→ Exercise brief
Write each entry out again verbatim, pictures excluded.

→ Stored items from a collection
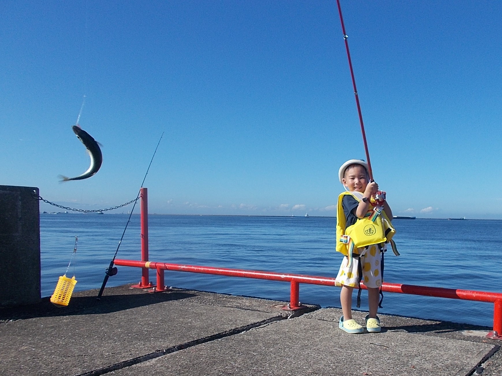 午後からも沢山の家族連れのお客様が楽しく釣りをされています、釣果の方ですが、相変わらず小サバが釣れていますが段々と大きくなっています。ギマ、マイワシ、サヨリ、サッパ、コノシロ、も少ないですが釣れました。
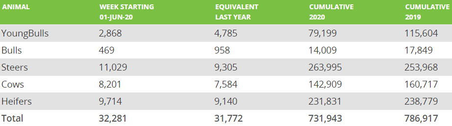 Over 32,280 cattle were slaughtered last week in Irish beef exporting plants – an increase of 1,232 head when compared to the previous week and a jump of over 500 head when compared to the equivalent week in 2019.
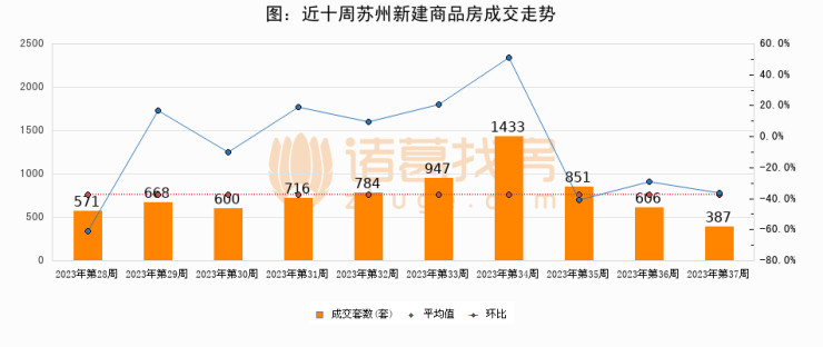 【苏州成交周报】第37周新房成交387套,二手房962套,涨价房源2071套
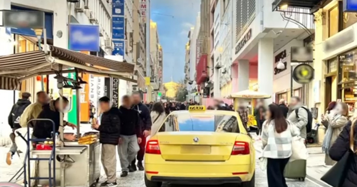 Όπως μεταδίδει ο ΣΚΑΙ, πλάνα καταγράφουν τον οδηγό να έχει μπει με το ταξί του στην εμπορική φλέβα του πεζοδρόμου, χωρίς να είναι ξεκάθαρο τι τον έκανε να νομίζει ότι είχε το δικαίωμα.
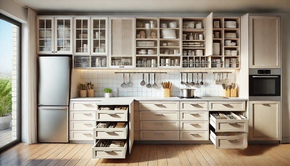 Besonders praktisch sind Auszugssysteme in den Unterschränken. Diese bieten viel Stauraum für größere Küchenutensilien wie Töpfe und Pfannen. die oft schwierig zu organisieren sind. Ein gut durchdachtes Auszugsystem sorgt dafür, dass auch diese Utensilien, die schwer zu organisieren sind, leicht erreichbar sind.

→ Task output
 午後からも沢山の家族連れのお客様が楽しく釣りをされています、釣果の方ですが、相変わらず小サバが釣れていますが段々と大きくなっています。ギマ、マイワシ、サヨリ、サッパ、コノシロ、も少ないですが釣れました。
 Over 32,280 cattle were slaughtered last week in Irish beef exporting plants – an increase of 1,232 head when compared to the previous week and a jump of over 500 head when compared to the equivalent week in 2019.
 【苏州成交周报】第37周新房成交387套,二手房962套,涨价房源2071套
 Όπως μεταδίδει ο ΣΚΑΙ, πλάνα καταγράφουν τον οδηγό να έχει μπει με το ταξί του στην εμπορική φλέβα του πεζοδρόμου, χωρίς να είναι ξεκάθαρο τι τον έκανε να νομίζει ότι είχε το δικαίωμα.
 Besonders praktisch sind Auszugssysteme in den Unterschränken. Diese bieten viel Stauraum für größere Küchenutensilien wie Töpfe und Pfannen. die oft schwierig zu organisieren sind. Ein gut durchdachtes Auszugsystem sorgt dafür, dass auch diese Utensilien, die schwer zu organisieren sind, leicht erreichbar sind.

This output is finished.